© JUNGE FREIHEIT Verlag GmbH & Co.  www.jungefreiheit.de    52/01 01/02 21. Dezember / 28. Dezember 2001


Blick in die Medien
Arbeitslust
Ronald Gläser

Wir Deutschen gelten mitunter als ein pessimistisches Völkchen. Das fängt bei der Begrüßung und der Frage nach dem individuellen Wohlergehen an. Die Antwort „Kann nicht klagen!“ ist an Defätismus nicht zu übertreffen. Die Arbeitslosigkeit steigt. Die Steuern steigen. Die Zahl der Pleiten steigt. Und im selben Maße sinkt die Zuversicht für unsere Volkswirtschaft. Die Initiative „Deutschland packt’s an“ will diese fatalistische Stimmung jetzt durch eine Prise Enthusiasmus therapieren.
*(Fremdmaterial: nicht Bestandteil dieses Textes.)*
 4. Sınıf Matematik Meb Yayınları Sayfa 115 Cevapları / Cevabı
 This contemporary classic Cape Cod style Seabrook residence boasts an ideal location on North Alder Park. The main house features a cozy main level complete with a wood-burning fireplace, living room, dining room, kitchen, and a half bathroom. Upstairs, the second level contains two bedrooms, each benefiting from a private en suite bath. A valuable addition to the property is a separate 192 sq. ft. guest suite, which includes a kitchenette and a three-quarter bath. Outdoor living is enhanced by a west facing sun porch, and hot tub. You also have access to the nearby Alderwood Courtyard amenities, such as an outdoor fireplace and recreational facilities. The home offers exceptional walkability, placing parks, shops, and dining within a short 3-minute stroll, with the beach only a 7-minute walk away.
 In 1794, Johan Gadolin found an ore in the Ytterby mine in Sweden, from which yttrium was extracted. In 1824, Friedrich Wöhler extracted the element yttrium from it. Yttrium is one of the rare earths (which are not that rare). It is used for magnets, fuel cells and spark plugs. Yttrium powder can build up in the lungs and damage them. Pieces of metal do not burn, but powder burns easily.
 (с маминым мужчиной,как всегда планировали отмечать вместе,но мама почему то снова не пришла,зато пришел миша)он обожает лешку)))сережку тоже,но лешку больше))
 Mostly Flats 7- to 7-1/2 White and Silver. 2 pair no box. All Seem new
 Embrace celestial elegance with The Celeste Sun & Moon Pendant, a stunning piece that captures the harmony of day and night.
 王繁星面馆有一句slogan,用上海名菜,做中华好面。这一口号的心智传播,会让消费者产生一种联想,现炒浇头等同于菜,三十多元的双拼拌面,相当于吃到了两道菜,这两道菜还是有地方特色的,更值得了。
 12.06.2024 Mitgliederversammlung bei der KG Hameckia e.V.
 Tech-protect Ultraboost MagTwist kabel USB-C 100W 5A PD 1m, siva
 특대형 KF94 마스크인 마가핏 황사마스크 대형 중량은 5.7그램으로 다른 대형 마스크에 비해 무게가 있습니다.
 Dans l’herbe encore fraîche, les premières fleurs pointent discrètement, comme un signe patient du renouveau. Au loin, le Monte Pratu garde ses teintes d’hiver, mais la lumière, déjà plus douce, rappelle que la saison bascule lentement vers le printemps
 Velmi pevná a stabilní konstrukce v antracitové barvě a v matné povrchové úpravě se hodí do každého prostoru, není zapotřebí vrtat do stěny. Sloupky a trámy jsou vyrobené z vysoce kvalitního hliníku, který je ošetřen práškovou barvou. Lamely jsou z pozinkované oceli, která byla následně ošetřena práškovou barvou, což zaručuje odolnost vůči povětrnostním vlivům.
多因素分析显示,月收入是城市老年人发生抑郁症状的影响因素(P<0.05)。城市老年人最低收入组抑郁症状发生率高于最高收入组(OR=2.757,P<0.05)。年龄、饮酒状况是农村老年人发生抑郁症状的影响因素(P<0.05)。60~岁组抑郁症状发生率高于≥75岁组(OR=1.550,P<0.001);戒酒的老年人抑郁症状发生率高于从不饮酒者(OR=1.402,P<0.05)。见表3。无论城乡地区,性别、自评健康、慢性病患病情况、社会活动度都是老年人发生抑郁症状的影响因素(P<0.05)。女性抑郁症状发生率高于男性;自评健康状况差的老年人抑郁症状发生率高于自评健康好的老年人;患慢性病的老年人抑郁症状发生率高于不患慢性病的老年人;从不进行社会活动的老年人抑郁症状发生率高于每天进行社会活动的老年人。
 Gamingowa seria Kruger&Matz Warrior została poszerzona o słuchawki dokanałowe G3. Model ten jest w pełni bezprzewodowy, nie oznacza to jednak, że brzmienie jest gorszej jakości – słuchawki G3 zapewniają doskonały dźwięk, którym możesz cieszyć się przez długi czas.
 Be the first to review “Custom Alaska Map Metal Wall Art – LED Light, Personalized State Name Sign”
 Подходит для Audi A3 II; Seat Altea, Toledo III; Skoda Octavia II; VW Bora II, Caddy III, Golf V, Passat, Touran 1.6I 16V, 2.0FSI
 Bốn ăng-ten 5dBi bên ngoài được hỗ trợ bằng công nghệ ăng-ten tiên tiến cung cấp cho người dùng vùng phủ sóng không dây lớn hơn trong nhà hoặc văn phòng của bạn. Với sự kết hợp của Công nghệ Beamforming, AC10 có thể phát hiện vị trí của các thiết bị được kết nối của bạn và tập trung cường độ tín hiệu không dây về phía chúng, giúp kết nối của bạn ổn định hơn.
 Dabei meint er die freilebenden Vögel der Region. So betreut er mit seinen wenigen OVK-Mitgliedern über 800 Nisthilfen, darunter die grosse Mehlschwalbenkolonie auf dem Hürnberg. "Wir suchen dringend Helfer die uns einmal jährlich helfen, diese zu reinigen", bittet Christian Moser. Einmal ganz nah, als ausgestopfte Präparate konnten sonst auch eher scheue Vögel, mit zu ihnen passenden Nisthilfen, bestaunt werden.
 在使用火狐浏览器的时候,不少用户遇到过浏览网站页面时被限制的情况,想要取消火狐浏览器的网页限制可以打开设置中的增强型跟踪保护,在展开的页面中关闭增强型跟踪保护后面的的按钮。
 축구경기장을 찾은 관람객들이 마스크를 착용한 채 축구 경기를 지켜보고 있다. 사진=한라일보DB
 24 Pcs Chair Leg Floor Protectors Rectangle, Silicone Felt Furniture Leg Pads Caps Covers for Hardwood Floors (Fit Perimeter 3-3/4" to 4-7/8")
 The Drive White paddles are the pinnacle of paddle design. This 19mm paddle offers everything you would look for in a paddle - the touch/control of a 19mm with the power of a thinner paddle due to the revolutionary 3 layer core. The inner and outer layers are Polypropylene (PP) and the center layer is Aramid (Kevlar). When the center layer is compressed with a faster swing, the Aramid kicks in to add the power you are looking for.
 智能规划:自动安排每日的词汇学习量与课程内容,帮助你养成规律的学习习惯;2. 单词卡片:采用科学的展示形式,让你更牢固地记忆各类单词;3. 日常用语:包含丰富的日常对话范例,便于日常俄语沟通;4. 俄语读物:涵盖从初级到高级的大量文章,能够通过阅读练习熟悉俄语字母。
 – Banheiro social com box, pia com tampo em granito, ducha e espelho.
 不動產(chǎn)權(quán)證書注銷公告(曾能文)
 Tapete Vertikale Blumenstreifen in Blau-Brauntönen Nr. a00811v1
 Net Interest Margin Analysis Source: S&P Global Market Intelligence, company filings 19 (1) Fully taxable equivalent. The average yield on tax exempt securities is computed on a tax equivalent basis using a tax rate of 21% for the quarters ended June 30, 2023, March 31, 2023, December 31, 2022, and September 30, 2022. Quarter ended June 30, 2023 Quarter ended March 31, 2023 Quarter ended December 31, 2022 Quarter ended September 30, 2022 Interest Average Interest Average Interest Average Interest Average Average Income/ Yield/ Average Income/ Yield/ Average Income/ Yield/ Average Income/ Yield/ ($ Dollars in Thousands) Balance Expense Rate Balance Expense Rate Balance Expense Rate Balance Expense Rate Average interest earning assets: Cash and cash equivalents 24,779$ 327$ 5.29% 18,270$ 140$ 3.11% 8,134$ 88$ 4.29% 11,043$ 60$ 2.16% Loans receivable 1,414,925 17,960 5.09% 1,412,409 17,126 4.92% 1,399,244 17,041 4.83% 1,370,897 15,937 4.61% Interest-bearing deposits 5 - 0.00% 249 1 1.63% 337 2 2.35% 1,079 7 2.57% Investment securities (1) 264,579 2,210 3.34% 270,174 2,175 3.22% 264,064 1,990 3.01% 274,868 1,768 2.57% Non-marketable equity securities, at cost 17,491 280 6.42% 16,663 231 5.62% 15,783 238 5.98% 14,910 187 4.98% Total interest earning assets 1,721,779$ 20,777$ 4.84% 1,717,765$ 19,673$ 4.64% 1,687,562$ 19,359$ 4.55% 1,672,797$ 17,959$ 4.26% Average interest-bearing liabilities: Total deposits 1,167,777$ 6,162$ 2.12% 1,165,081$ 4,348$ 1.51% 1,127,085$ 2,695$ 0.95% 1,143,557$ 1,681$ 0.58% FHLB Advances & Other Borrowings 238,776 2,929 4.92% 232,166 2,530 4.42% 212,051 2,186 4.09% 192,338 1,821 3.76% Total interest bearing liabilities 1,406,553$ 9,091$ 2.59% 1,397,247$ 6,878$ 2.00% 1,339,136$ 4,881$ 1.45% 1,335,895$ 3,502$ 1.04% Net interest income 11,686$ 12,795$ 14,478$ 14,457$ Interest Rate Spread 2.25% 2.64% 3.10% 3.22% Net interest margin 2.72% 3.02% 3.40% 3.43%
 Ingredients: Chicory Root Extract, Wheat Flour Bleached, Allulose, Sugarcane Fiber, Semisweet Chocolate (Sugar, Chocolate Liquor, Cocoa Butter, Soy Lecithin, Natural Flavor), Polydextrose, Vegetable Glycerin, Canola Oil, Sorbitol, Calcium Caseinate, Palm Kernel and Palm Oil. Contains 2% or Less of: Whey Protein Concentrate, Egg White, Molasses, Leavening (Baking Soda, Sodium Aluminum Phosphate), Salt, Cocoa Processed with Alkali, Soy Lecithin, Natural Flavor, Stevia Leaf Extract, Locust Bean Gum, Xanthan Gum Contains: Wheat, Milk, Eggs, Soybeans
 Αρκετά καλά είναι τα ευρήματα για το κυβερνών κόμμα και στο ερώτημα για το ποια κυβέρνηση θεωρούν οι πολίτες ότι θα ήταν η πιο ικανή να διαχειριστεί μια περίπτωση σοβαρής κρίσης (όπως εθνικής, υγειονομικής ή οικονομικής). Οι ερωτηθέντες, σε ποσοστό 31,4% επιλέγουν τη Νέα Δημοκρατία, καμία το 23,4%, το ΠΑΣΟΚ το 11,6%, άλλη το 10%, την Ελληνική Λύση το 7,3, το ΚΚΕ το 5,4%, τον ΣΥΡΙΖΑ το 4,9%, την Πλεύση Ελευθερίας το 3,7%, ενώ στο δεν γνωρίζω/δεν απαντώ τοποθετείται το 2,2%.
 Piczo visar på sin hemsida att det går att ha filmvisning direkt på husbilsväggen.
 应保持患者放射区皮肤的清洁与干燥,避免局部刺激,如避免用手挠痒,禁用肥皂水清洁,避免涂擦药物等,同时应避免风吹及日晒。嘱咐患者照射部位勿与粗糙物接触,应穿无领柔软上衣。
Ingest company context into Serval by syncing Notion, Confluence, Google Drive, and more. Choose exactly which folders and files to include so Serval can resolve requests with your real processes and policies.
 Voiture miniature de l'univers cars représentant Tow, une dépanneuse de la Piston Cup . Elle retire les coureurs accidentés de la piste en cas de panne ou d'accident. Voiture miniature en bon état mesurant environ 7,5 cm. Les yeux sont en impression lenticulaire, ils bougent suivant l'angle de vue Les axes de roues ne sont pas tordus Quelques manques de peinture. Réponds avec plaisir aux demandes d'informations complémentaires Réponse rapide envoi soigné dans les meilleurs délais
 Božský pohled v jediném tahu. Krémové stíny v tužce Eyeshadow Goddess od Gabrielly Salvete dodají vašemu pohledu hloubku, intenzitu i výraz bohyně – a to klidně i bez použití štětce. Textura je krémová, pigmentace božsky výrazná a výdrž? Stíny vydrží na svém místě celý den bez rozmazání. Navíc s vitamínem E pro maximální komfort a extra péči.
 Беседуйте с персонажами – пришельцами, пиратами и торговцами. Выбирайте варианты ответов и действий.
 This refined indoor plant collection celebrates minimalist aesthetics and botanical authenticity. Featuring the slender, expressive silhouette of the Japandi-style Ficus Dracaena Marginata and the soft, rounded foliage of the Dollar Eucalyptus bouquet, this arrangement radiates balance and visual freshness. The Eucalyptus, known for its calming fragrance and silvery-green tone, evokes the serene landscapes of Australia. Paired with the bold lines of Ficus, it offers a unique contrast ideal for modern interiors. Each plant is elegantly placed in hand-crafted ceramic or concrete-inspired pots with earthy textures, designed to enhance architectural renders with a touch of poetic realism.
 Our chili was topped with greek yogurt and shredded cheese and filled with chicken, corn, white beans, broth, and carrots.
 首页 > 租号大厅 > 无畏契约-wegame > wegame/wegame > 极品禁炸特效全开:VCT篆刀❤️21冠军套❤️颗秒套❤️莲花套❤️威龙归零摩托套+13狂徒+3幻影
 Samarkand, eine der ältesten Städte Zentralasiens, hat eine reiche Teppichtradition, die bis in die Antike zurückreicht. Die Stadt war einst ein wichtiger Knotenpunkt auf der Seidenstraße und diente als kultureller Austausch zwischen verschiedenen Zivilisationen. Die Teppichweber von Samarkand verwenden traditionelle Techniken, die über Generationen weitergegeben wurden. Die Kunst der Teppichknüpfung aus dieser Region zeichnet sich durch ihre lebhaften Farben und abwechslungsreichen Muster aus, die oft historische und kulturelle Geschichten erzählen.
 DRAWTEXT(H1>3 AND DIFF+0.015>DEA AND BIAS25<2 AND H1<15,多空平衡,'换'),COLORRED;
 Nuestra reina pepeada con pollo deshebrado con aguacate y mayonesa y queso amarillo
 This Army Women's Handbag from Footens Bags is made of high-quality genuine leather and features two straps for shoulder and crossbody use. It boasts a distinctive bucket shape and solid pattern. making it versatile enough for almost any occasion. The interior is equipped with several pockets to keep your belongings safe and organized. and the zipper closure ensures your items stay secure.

Angeführt vom n-tv Chef Karl-Ulrich Kuhlo und Lothar Späth wollen die Initiatoren zu Unternehmermut und Engagement aufrütteln. Eltern sollen die Leistungsbereitschaft ihrer Kinder fördern und Verbraucher ihre Zukunftsängste beiseite legen. Das Multitalent Lothar Späth will mit seinem Appell die Ansicht widerlegen, bei uns reiche „es nur noch bis zum Friedhof“. An der Kampagne, mit der der Verein wirbt, haben Werbeagenturen mit Rang und Namen mitgewirkt. Auf 20.000 Plakaten, in Zeitungsanzeigen und in Fernsehspots mit Millionenwert wird Arbeitslust propagiert. Den heute 30jährigen steht ein Dejavu mit Geier Sturzflug bevor. Diese Band sang Anfang der achtziger Jahre hyperoptimistisch „Jetzt wird wieder in die Hände gespuckt - wir steigern das Bruttosozialprodukt!“ Die Gruppe landete einen Riesenerfolg in den Hitparaden, aber sie fiel sofort in die typisch deutsche Befindlichkeit zurück. Denn ihr nächstes Lied lautete: „Besuchen Sie Europa - solange es noch steht“.